Cars produced with irregular specifications during the Covid-19 pandemic are causing valuation issues as they start to appear on the used market, according to the Vehicle Remarketing Association (VRA).

Car industry supply chain issues during the pandemic meant cars produced at the time were often missing equipment that would otherwise have been included.

VRA industry trends committee chair Marcus Blakemore said that because of this, dealers and traders were now buying cars expecting them to meet certain equipment and specification levels, then finding key items were missing.

He said: “During the initial stages of the pandemic, there was massive supply chain disruption, especially around availability of microprocessors. As a result, manufacturers improvised on the production line, removing key items just to keep things moving.

“Depending on the manufacturer and model, there are all kinds of items omitted – heated seats, head-up displays, electric door mirrors, electric seats and more. Some cars were even built with analogue instrument clusters and clocks.”

Blakemore said that there was debate in the remarketing sector about how much this kind of de-contenting mattered to the valuation of a car, and that the effect seemed to vary from model to model.

He said: “We’re now in a phase where these cars are starting to leave their initial owners and come onto the used market, and are causing valuation issues among vendors, dealers and consumers.

“There is generally agreement in the used sector that few items of equipment add much value to any used car. However, if there is equipment that buyers are expecting missing, it does make a vehicle more difficult to sell. 

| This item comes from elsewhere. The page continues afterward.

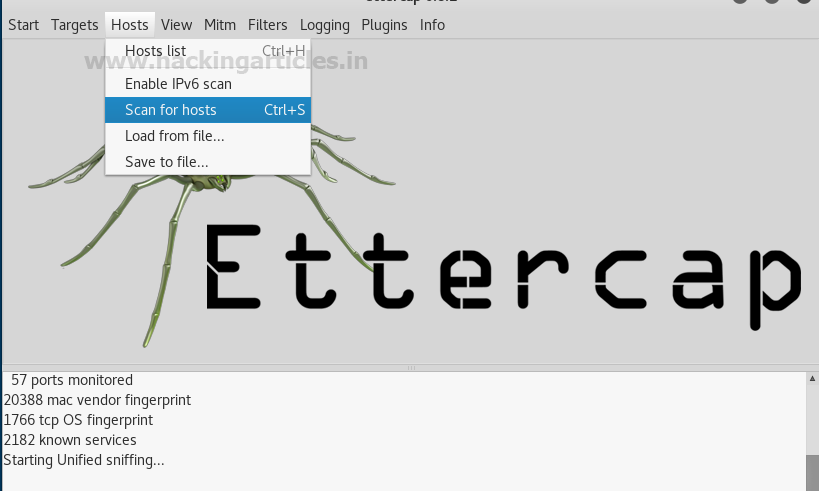 Let us now start to exploit both Host A and Host B, from Host C machine, which is our Kali Linux, start sniffing with Ettercap tool as shown in the below image on Kali.

“For example, if you’re trying to retail a prestige car at three years old that doesn’t have heated seats, it’s probably going to stick around on your stock list for a while.

“So much stock is bought ‘blind’ by dealers and traders in 2024, most don’t realise they have bought a Covid car of this type until it arrives and starts going through their inspection process. The question is what to do at that point? Is the buyer able to request some kind of discount? Should they return the car? Can the specification problem be resolved?”

Blakemore added that further confusion was caused by the fact that little data was available about these cars. He said few manufacturers having kept detailed records covering the ways in which cars were de-contended.

He said: “We’ve had conversations with franchise dealers who have looked at their databases and insisted that models with certain specifications just can’t exist, when we’ve had the car in front of us. 

“These kinds of gaps mean the valuation companies can’t access reliable date. Even in situations where a vehicle is sold and clearly marked as having a compromised specification, there is little guidance available on what it is worth.

“There are no easy answers to the questions that these vehicles raise but we are highlighting the fact this is happening in the hope that we can at least promote some dialogue. At present, this is a relatively small but annoying problem but as more of these cars enter the remarketing cycle, it’ll become more of an issue.”